━━━━━ Data shown ━━━━━

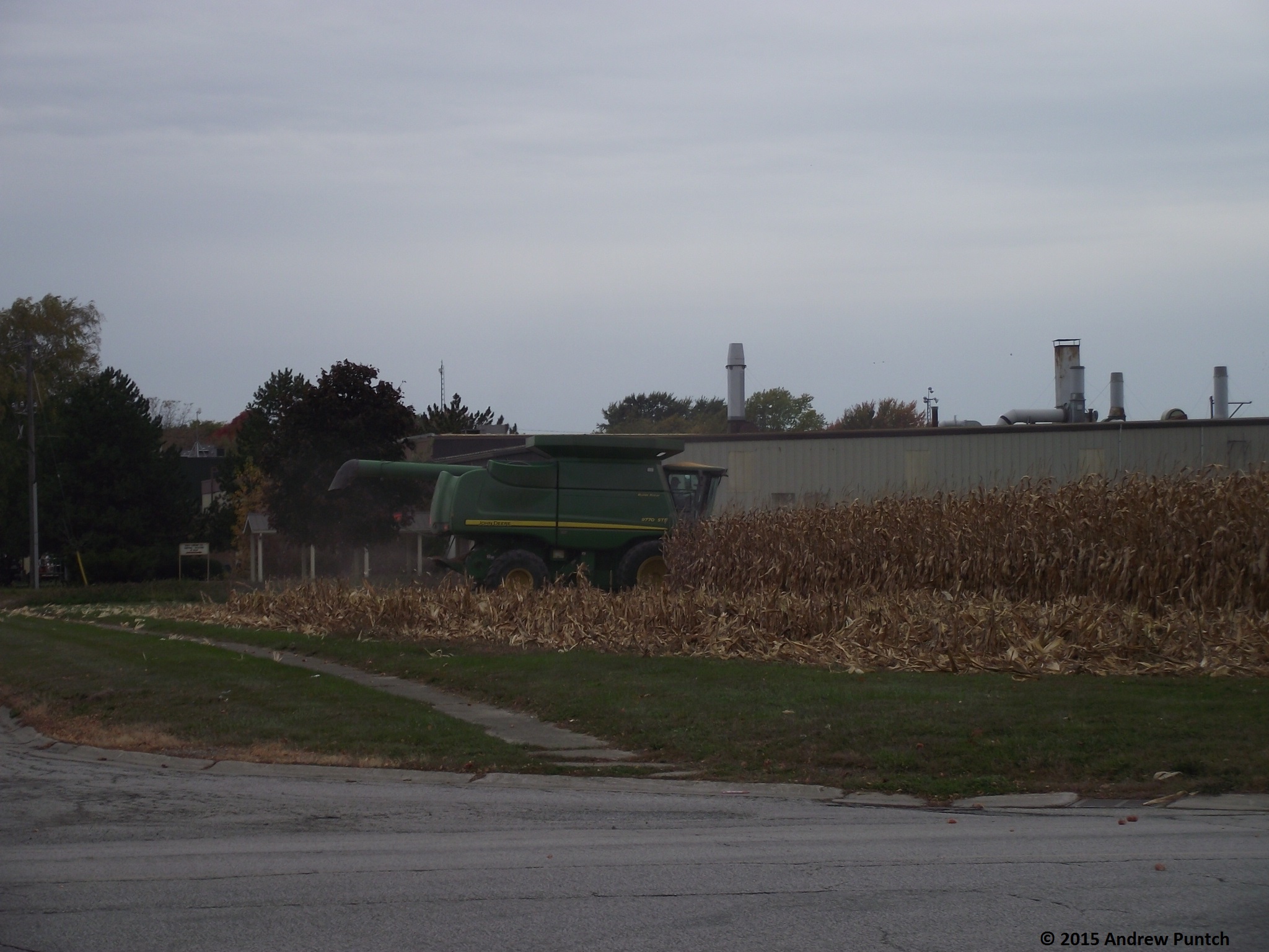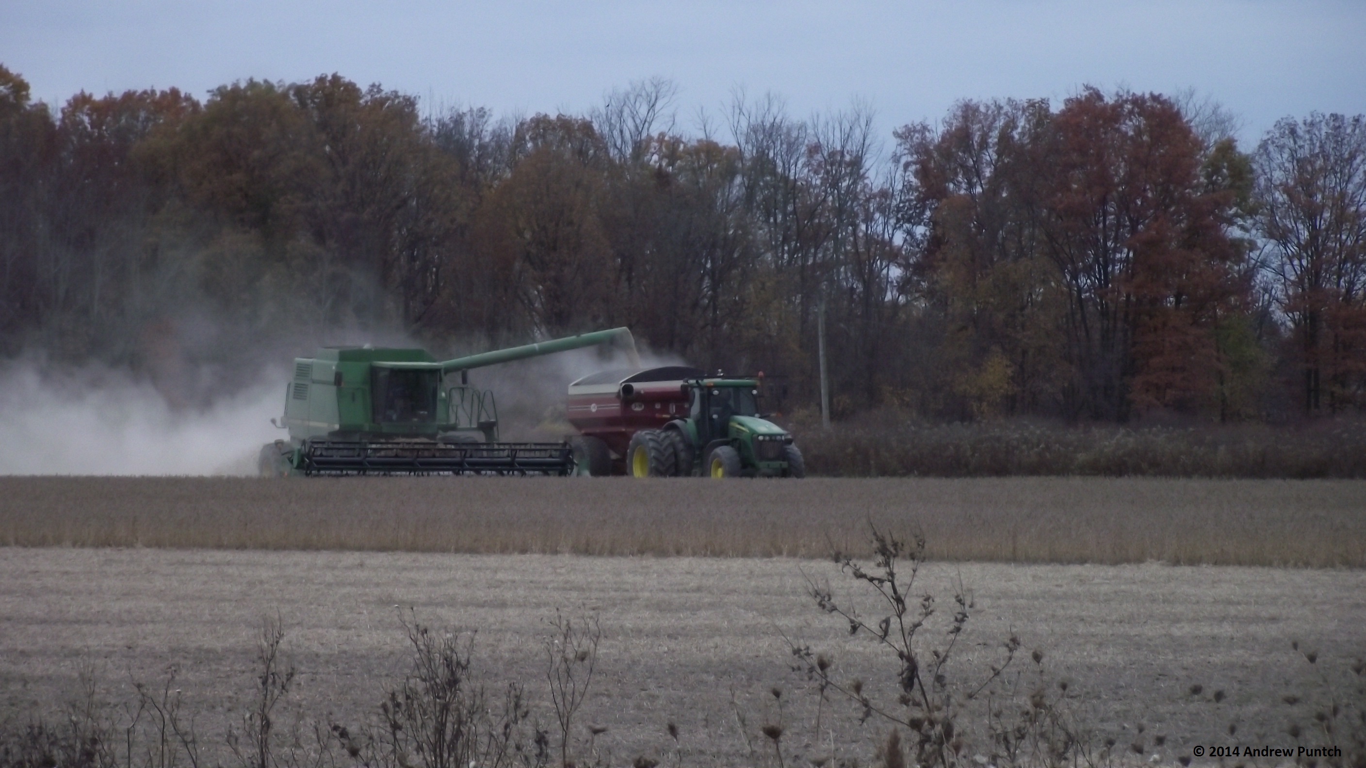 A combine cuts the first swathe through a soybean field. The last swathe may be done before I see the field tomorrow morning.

━━━━━
━━━━━ Data shown ━━━━━

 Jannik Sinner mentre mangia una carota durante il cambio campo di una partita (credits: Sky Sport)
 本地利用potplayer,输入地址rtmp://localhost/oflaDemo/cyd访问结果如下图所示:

━━━━━

Please give an exact copy of the lines above, beginning with the line containing "Jannik Sinner mentre" and running through the line containing "本地利用potplayer,输入地址rt", and of no other lines.

▶ [Output of the exercise]:
 Jannik Sinner mentre mangia una carota durante il cambio campo di una partita (credits: Sky Sport)
 本地利用potplayer,输入地址rtmp://localhost/oflaDemo/cyd访问结果如下图所示:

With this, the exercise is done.